The measure was signed into law on Monday by Gov. Andrew Cuomo. Like many other plans called for the by 2018 federal Farm Bill, New York’s regulates the cultivation of hemp within the state.
The law requires hemp processors to obtain licenses and stipulates that they must grow hemp varieties with no more that 0.3% THC levels by dry weight, which conforms to the federal definition of industrial hemp as opposed to marijuana.
The new law also seeks to specifically regulate the trade in cannabinoid extracts and finished goods, requiring additional licenses, third party lab testing and other requirements that seem to go beyond what federal law mandates for the manufacture and sale of garden-variety dietary supplements.
Bill is toned down version of earlier attempt at regulation
Attorney Rend Al Mondhiry of the firm Amin Talati Wasserman said the law is a refined version of an even more broad reaching bill that was passed by the New York legislature in July but which was not signed by Cuomo. That bill contained some problematical features, such as specifying that cannabinoids sold in finished goods within the state had to be sourced from New York suppliers.
In addition, at one point it specified a dosage—20 mg—of CBD that could be added to beverages. The new law omits some of the sticking points identified in the first version, Al Mondhiry said.
“The first law was controversial in that it very much favored New York producers of hemp. That was just one of several problematical provisions.
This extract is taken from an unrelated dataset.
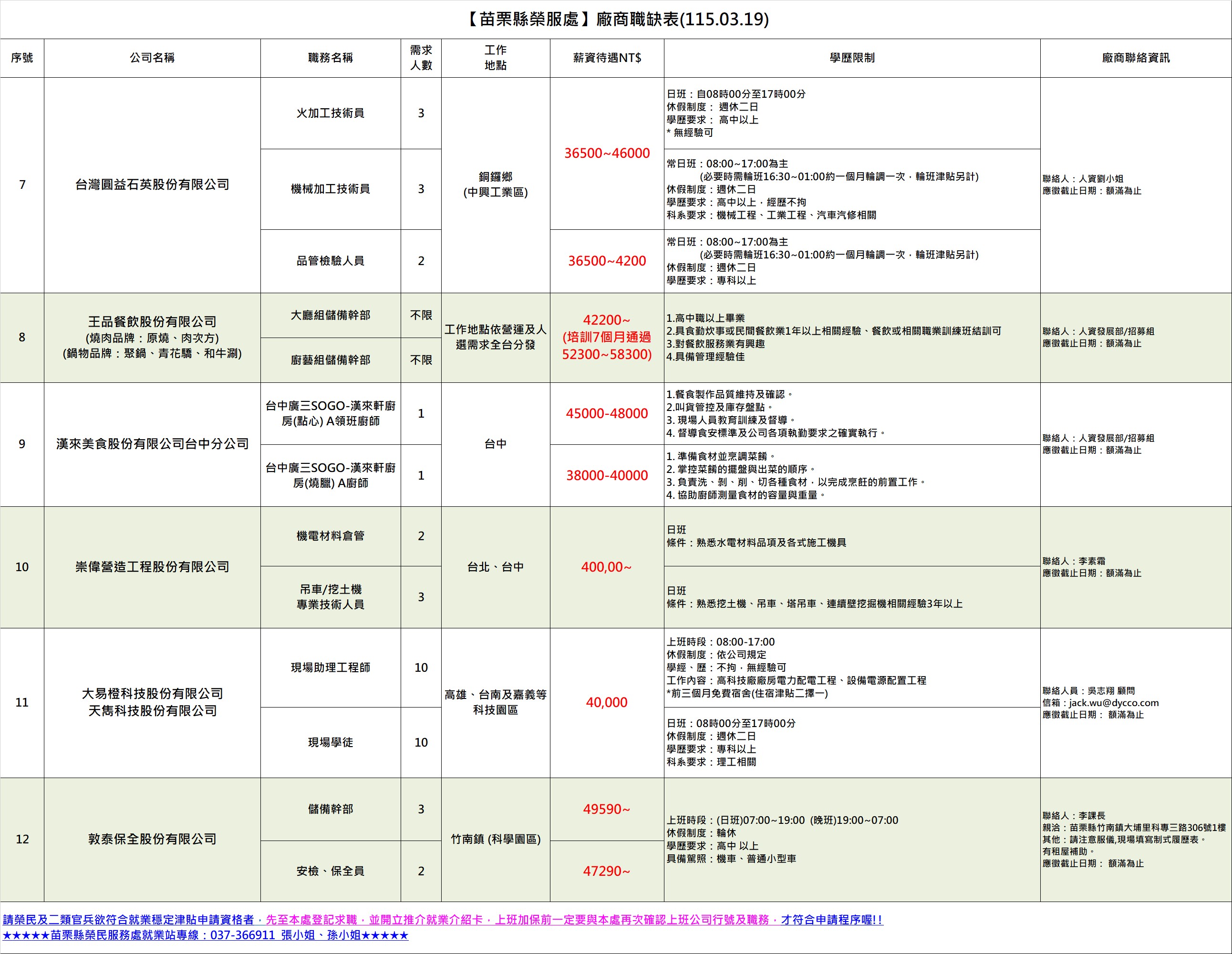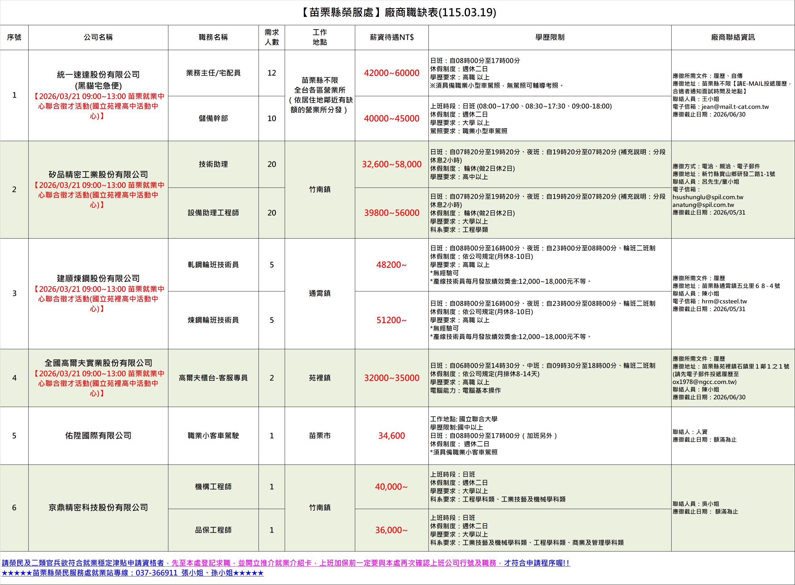 【苗栗縣榮服處】廠商職缺表(115.03.19)

Some of the requirements were burdensome,” she said.
Al Mondhiry said her firm worked with the US Hemp Roundtable in several meetings with New York officials to craft a compromise on the bill. She said the consensus was that the state wanted to create a comprehensively regulated marketplace for hemp.
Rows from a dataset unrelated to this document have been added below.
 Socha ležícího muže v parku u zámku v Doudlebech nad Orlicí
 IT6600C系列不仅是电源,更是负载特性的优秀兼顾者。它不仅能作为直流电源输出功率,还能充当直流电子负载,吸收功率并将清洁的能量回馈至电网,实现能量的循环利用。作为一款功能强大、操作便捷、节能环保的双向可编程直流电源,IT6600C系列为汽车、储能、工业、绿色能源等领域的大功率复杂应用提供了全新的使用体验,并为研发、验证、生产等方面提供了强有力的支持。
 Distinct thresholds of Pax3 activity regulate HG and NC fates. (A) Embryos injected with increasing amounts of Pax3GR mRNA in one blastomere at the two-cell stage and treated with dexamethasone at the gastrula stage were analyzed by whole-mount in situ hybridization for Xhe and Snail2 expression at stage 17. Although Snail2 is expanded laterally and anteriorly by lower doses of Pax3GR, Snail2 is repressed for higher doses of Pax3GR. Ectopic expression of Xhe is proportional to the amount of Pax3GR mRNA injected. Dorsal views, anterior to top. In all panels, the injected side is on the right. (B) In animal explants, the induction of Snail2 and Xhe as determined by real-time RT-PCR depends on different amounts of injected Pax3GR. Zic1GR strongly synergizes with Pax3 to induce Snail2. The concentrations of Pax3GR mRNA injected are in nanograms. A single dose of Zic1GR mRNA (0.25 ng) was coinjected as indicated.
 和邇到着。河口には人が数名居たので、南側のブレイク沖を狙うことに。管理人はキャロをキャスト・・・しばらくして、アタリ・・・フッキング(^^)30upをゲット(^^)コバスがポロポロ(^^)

In some ways, Al Mondhiry said the current climate on hemp mirrors what happened back in the day with the state of California and various environmental rules, such as for auto emissions. The idea was, the federal government is not doing enough, so we’ll step up to the plate to create our own rules.
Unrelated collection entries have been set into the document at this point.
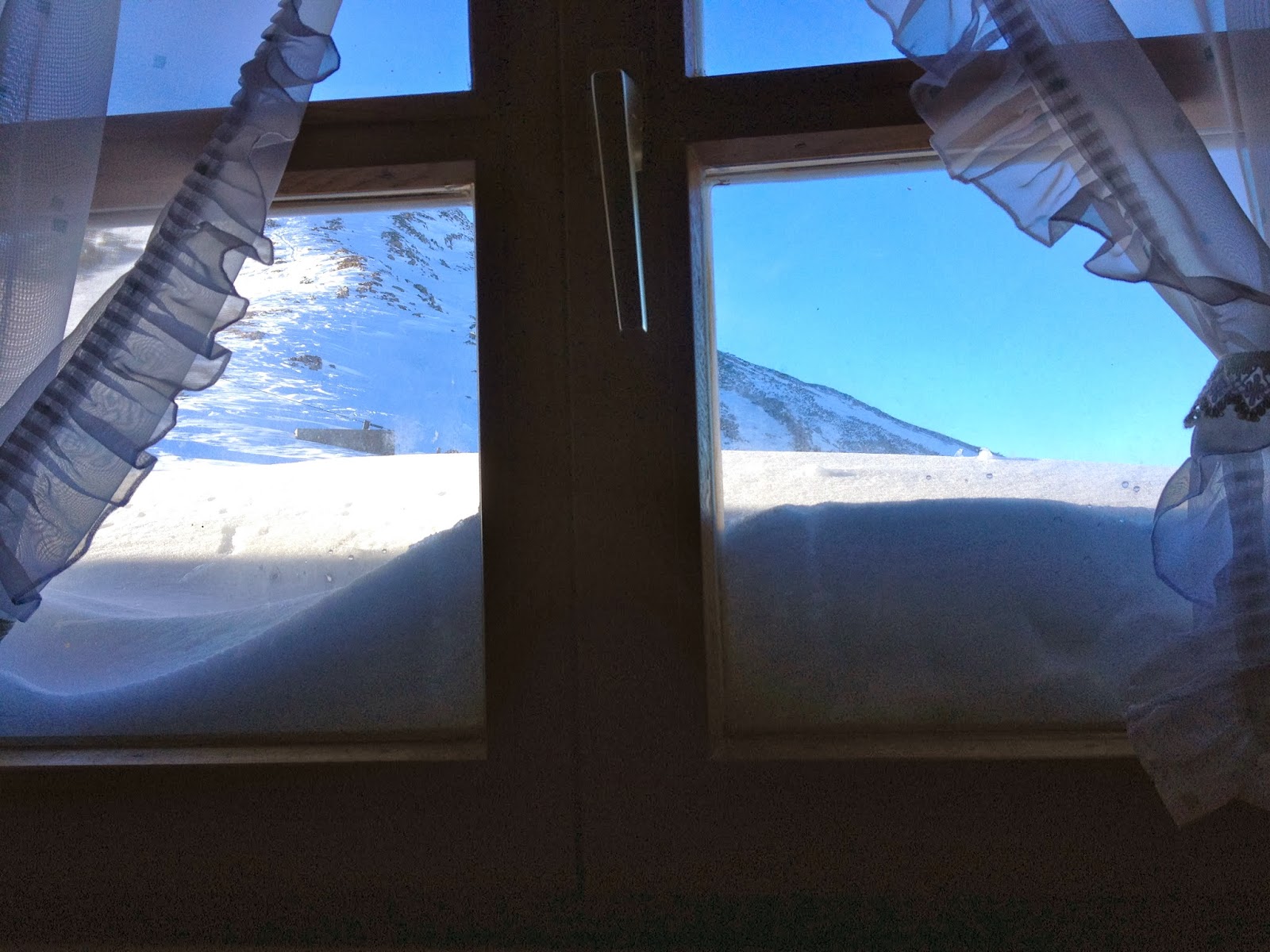 Schon fast oben, trieb uns unangenehmer Rückenwind direkt in die Hütte. Glücksfall Nr. 3: Wir hatten die freie Auswahl an Einzelzimmern – wann erlebt man schon mal soetwas! Ein Blick in die Koje: Heidi-Romantik. Klein, gemütlich, Rüschengardinen vorm Fenster und Schnee dahinter. Ich konnte mein Glück kaum fassen und war froh, dass auch die anderen nicht mehr auf den Gipfel wollten.
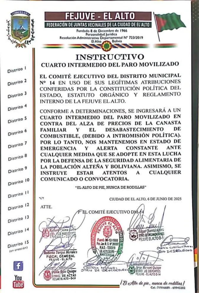 “Conforme a determinaciones, se ingresará a un cuarto intermedio del paro movilizado en contra del alza de precios de la canasta familiar y emergencia y comunicado o convocatoria. cualquier medida que se adopte en esta lucha por la defensa de la seguridad alimentaria de la población alteña y boliviana. Asimismo, se instruye estar atentos el desabastecimiento de combustible, (debido a intromisión política). por lo tanto, nos mantenemos en estado de alerta constante ante a cualquier comunicado o convocatoria”, dice el instructivo.
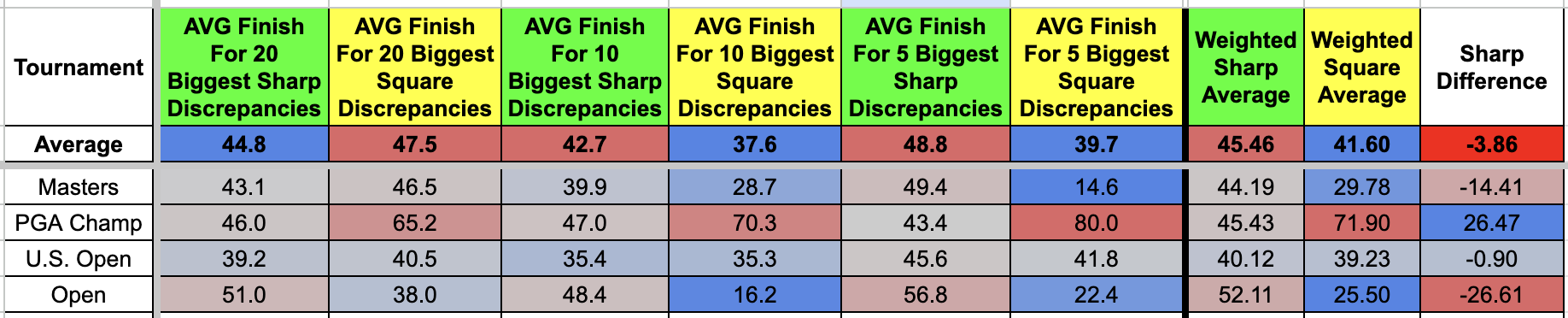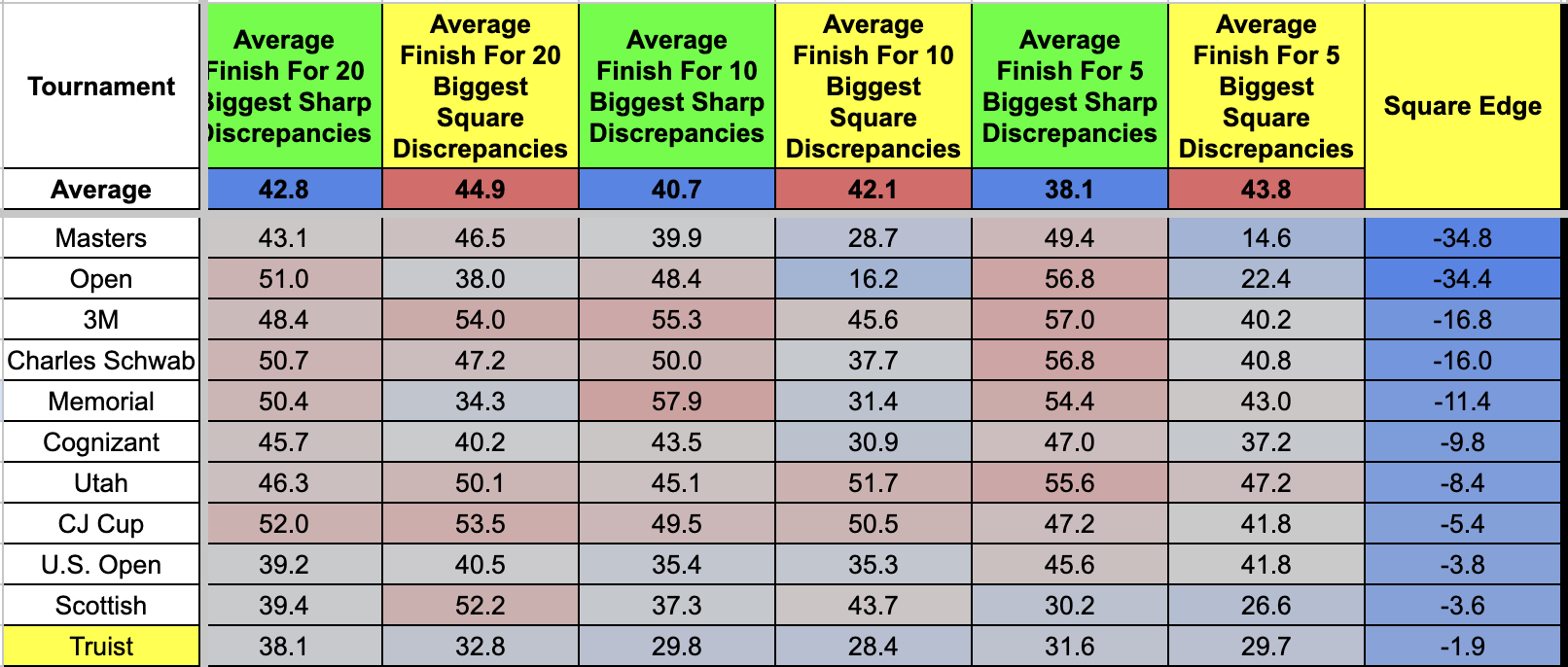 Square users won three of the four meeting this year (75%) and actually flipped the script from every other output we have seen of top-five discrepancies massively pushing in the favor of sharp users. In fact, squares substantially posted their best marks of the season for those high-end differences, with those Masters and Open showings nearly doubling the expectation elsewhere.

“That’s exactly what’s happening here with hemp and CBD. The federal government and specifically the FDA is not moving fast enough to regulate this category so the states are stepping in to do it themselves. FDA rules are the floor here, not the ceiling,” she said.
Rules specific to cannabinoid trade
Attorney Marc Ullman, of counsel with the firm Rivkin Radler, said it’s significant that the new law vests authority in both the state’s Department of Agriculture as well as its Department of Health, which has some responsibilities similar to those of FDA.
“It clearly contemplates a market in cannabinoids. The potential for a well ordered marketplace appears to exist. We essentially have licensing provisions from farm to shelf, and there is a framework for the state to establish an intrastate market,” Ullman said.
“As always the devil is going to be in the details, especially now that FDA has expressed safety concerns,” he added.
Al Mondhiry concurred that the subsequent rulemaking activity will need to be closely monitored. For example, the new law includes this provision: “The commissioner may establish and adopt official grades and standards for cannabinoid hemp, hemp extract and products derived therefrom as he or she may deem advisable, which are produced for sale in the this state.”
“What they are striving for was to set a high bar for hemp derived products. As I read it, there is quite a bit of discretion for the state to set some strict standards in rule making,” she said.